Implement batching
When we run examples/1_SimpleNet/simplenet.py, the final thing that's executed is effectively
a = [0.0, 1.0, 2.0, 3.0, 4.0]
model(torch.Tensor(a))
This would also work with batching e.g.,
a = [0.0, 1.0, 2.0, 3.0, 4.0]
model(torch.Tensor([a, a]))
We should enable calling batching in this way on the FTorch side, too.
To investigate: is Torch underneath smart enough to do this, or will we have to loop?

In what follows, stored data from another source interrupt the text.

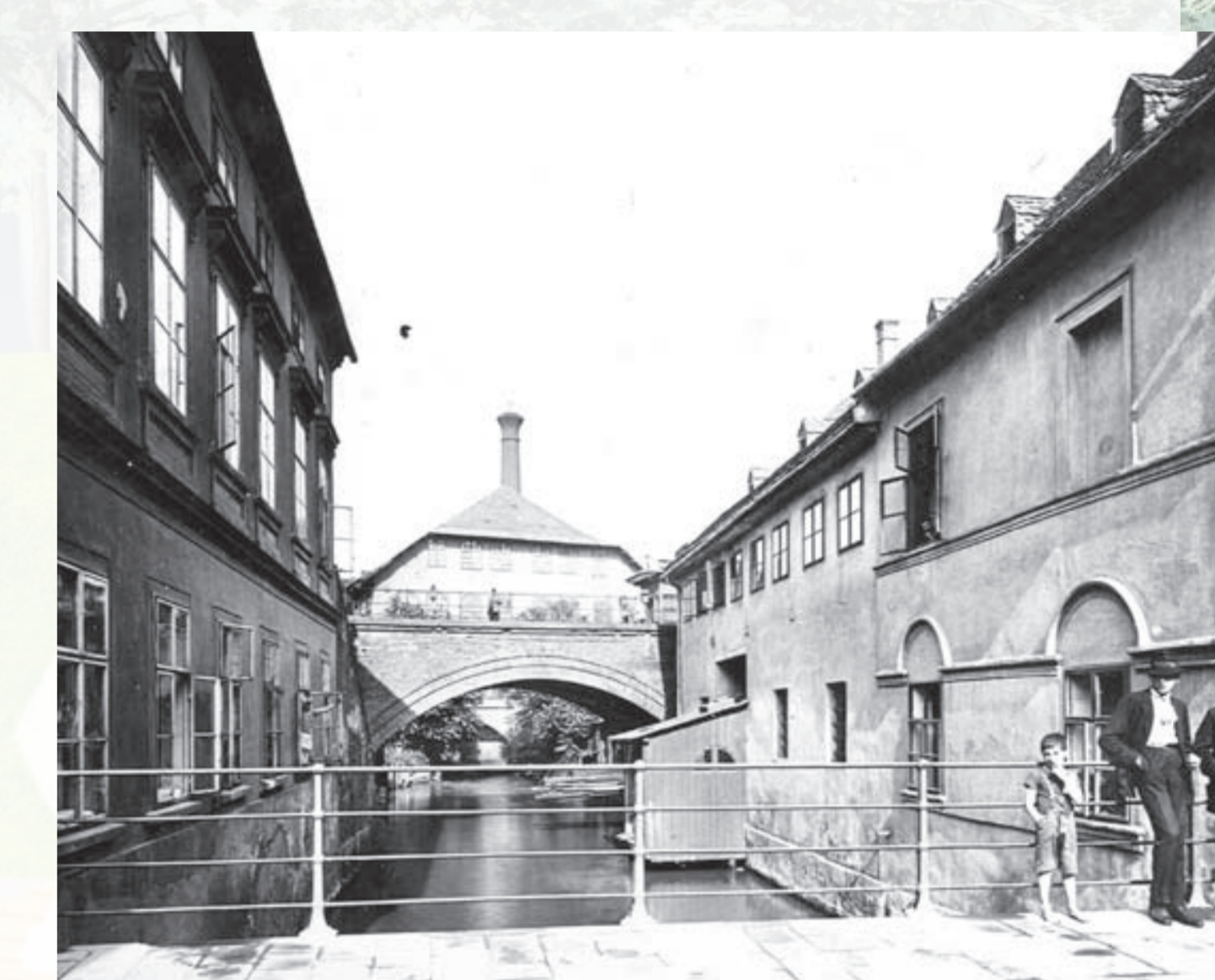
Bývalý Hasův dům - mlýn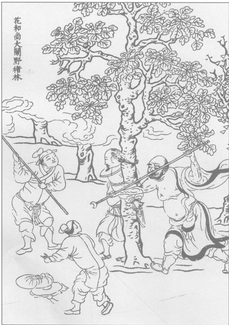
第七回 花和尚大鬧野豬林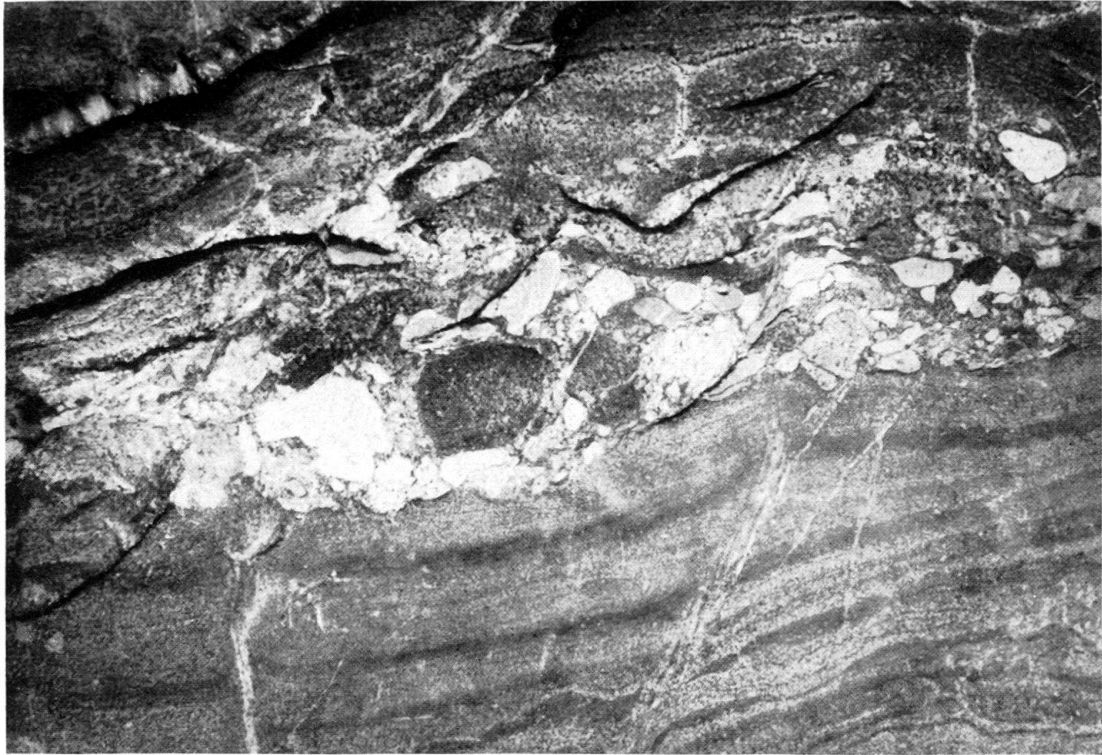
Fig. 1. Amas de blocs dans les quartzites rubannés de la formation de Sydsermilik. Rivage SE du fjord de Sydsermilik.

It would still be good to implement this on the FTorch side, but worth noting that batching can be incorporated into the pytorch side (to then take arbitrary sized (in one dimension) Fortran arrays) with a little thought and care.
This is what was done for MiMA here: https://github.com/DataWaveProject/MiMA-machine-learning/blob/ML/src/shared/pytorch/arch_davenet.py Though it is not the easiest to follow.
Might still be worth comparing performance between implementing this on the Fortran side vs Torch.
I started experimenting with how FTorch behaves, trying to emulate taking a list of vectors, on this branch: https://github.com/Cambridge-ICCS/FTorch/tree/batching [work in progress]
Looked into this as part of a reply to #343
LibTorch can handle this.
However, batch index should always be the first dimension of the tensor.
I can't off the top of my head remember which ordering of tensor_layout preserves this but we need to be careful.
I have suggested the querant provide a MWE from which we can investigate, otherwise we should.
@Mikolaj-A-Kowalski Just reviewing old issues and assigning you to this as discussed last week.